Bayares recuerda que los primeros años fueron muy duros, porque no había trabajo para todos y se priorizó a los trabajadores más antiguos, mientras que los más jóvenes se emplearon en otros rubros, como el de la construcción. Gracias a esa primera molienda, en 2002 el Banco República (BROU) les cedió el derecho posesorio para usar la planta, y en 2003 les otorgó 400.000 dólares para rematar el molino con los trabajadores como compradores. “El 21 de abril de 2004 fue un día que nos quedó grabado en la retina, por el apoyo que tuvimos del pueblo. A las 13.30 fue el remate, y los comerciantes bajaron sus cortinas y pusieron en sus vitrinas que cerraban para acompañar a los trabajadores del molino. Eran más de tres kilómetros de caravana, con un montón de ómnibus; tuvimos el apoyo de muchas cooperativas, como las de la construcción, y siempre nos acordamos de los compañeros de FUNSA, que nos dieron una mano importante. Cuando salimos del molino hacia Canelones, donde se hizo el remate, vimos a niños en el cordón de la vereda, con sus maestras, aplaudiendo”, relató.

El BROU les dio esos 400.000 dólares y se quedó con los títulos del molino hasta que terminaran de pagar el préstamo, en siete años. Un año antes de que se venciera el plazo, la cooperativa terminó de pagar y firmaron las escrituras. Para ese entonces Bayares era presidente y le tocó firmar la escritura.

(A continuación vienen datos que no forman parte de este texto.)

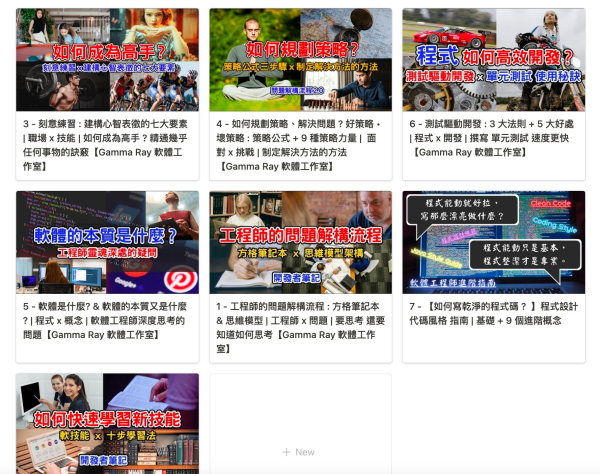在介紹這個播放清單之前先工商廣告一下,你看到這篇文章分享的代表圖,是用 Learning Notes Plus 建立的 Youtube 播放清單 Notion 筆記資料庫的 Gallery View 所擷取出來的,為了方便以後的複習,我也把影片的名稱翻譯成中文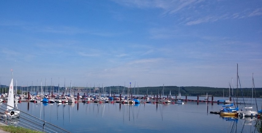 Allein der riesige Hafen in Ramsberg war schon ein Erlebnis. Mit Wind aus westlicher Richtung kreuzten wir zunächst Richtung Enderndorf auf. Wir waren gut unterwegs und kreuzten dann gleich weiter auf Richtung Absberg. Der Wind war so schön gleichmäßig, dass Max den Spinnaker auspackte und wir den ganzen See entlang bis Allmansdorf hinunter segelten.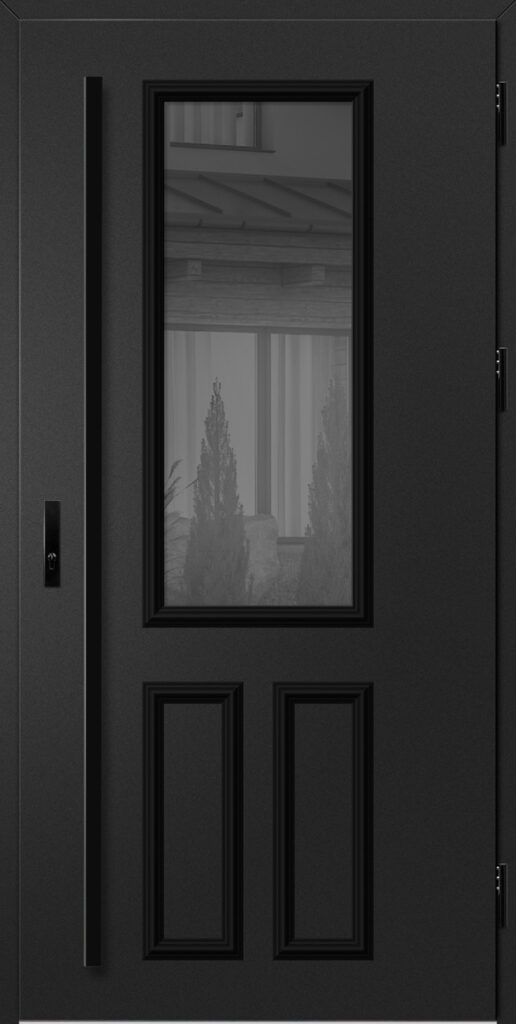 Ościeżnica aluminiowa, malowana na czarno i oklejona w kolorze skrzydła drzwiowego wyposażona w ciepły próg aluminiowy i pełną listwę zaczepową z regulacją docisku dla drzwi wykonanych w technologii THERMO HOT.

En 2020, después de declarada la emergencia sanitaria por la covid-19, el 13 de marzo, los trabajadores de CTMSR tuvieron la oportunidad de solidarizarse con los que la estaban pasando peor, y de esa manera devolver algo de lo que habían recibido años antes.

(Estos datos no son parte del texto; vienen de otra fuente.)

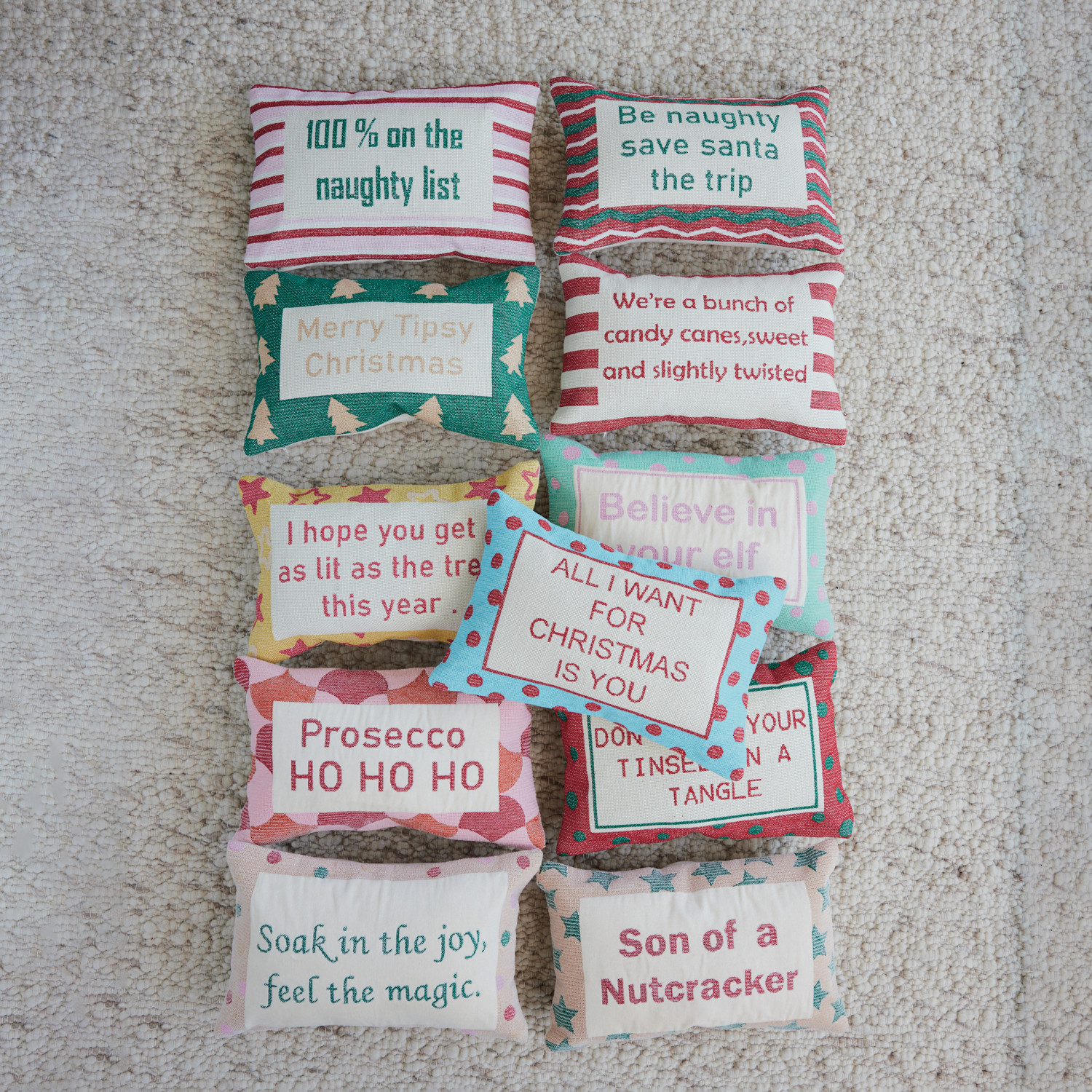 Cotton Embroidered Lumbar Pillow with Stripes "We're A Bunch Of Candy Canes..."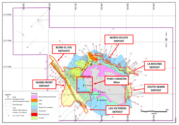 Figure 2: Projected Puro Corazon drill targets within the Skarn Front and Blind-El Sol block models with proposed the drill pattern for Q4 drilling on the Puro Corazon claim
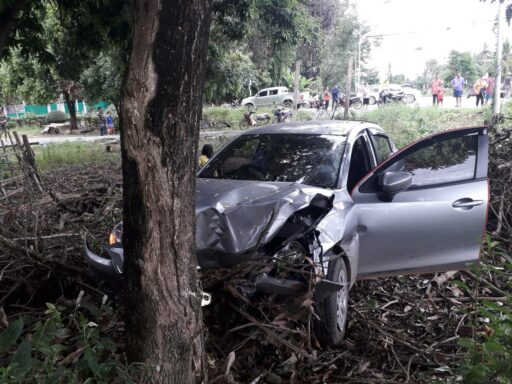 และพบรถยนต์เก๋งยี่ห้อมาสด้า สีบรอนซ์เทา ทะเบียน กต 1488 สุโขทัย ชนอัดก็อปปี้อยู่กับต้นไม้ห่างจากถนนประมาณ 15 เมตร สภาพหน้ารถพังยับเยินมีผู้บาดเจ็บจำนวน 3 ราย เจ้าหน้าที่กู้ภัยช่วยเหลือนำส่งให้แพทย์รักษาที่ รพ.พรหมพิราม ทราบชื่อคือ นายอนันต์ วัฒเพ็ชร อายุ 35 ปี บ้านเลขที่ 35 หมู่ 2 ต.ไกรใน อ.กงไกรลาส จ.สุโขทัย ด.ญ.นรัณญา วัฒเพ็ชร อายุ 10 ปี และ น.ส.สรัญญา พุกพัก อายุ 36 ปี บ้านเลขที่ 53/1 หมู่ 4 ต.ไกรกลาง อ.กงไกรลาส จ.สุโขทัย ตำรวจสอบสวนเบื้องต้นทราบว่า นายสมศักดิ์ ผู้เสียชีวิตกำลังขับรถ จยย.เพื่อกลับบ้านที่ ต.ดงประคำ แต่ถูกรถยนต์เก๋งชนจนทำให้เสียชีวิตดังกล่าว ส่วนสาเหตุการเกิดอุบัติเหตุที่แท้จริงครั้งนี้ ตำรวจจะได้ทำการสอบสวนอีกครั้งหนึ่งเพื่อดำเนินการตามกฎหมายต่อไป เบื้องต้นให้เจ้าหน้าที่กู้ภัยนำศพส่งให้แพทย์ชันสูตรอีกครั้งที่ รพ.พรหมพิราม ก่อนมอบศพให้ญาตินำไปบำเพ็ญกุศลตามประเพณี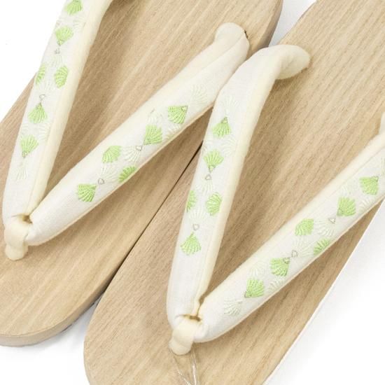 さわやかな麻刺繍鼻緒が上品な白木の桐下駄です。足にやさしい太鼻緒で長時間の着用でも疲れにくい人気の一品です。
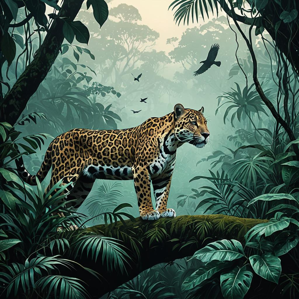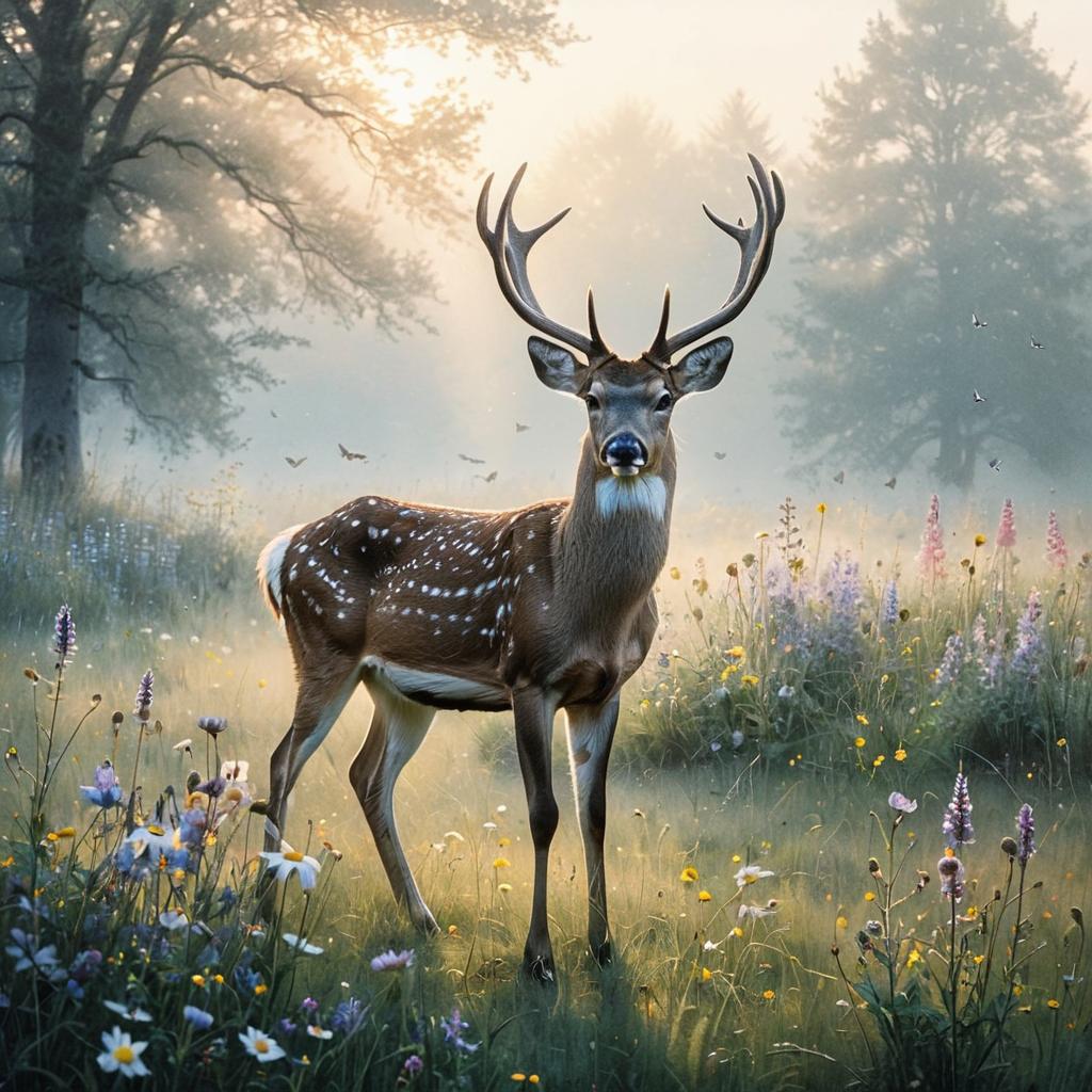 A tiny hummingbird standing on a blooming flower garden at dawn, surrounded by delicate petals, morning dew, and soft sunlight, illustrated in vivid and detailed naturalistic painting style

Una mañana de abril recibieron el llamado de Pablo Perdomo, presidente de Cooperativas Agrarias Federadas (CAF). Los productores se habían puesto de acuerdo en donar trigo, pero necesitaban molinos que lo trasformaran en harina, eligieron a los molino Santa Rosa y Florida porque son emprendimientos cooperativos.

Perdomo dijo a la diaria que sólo hizo falta un par de llamadas telefónicas para que los cooperativistas se pusieran de acuerdo. Comentó que al principio fueron cautos al momento de pedir las donaciones, pero que esa mañana llegaron a recolectar 90 toneladas de trigo. Esa harina después fue entregada al Sistema Nacional de Emergencias (Sinae), que a su vez le dio parte al Instituto Nacional de Alimentación.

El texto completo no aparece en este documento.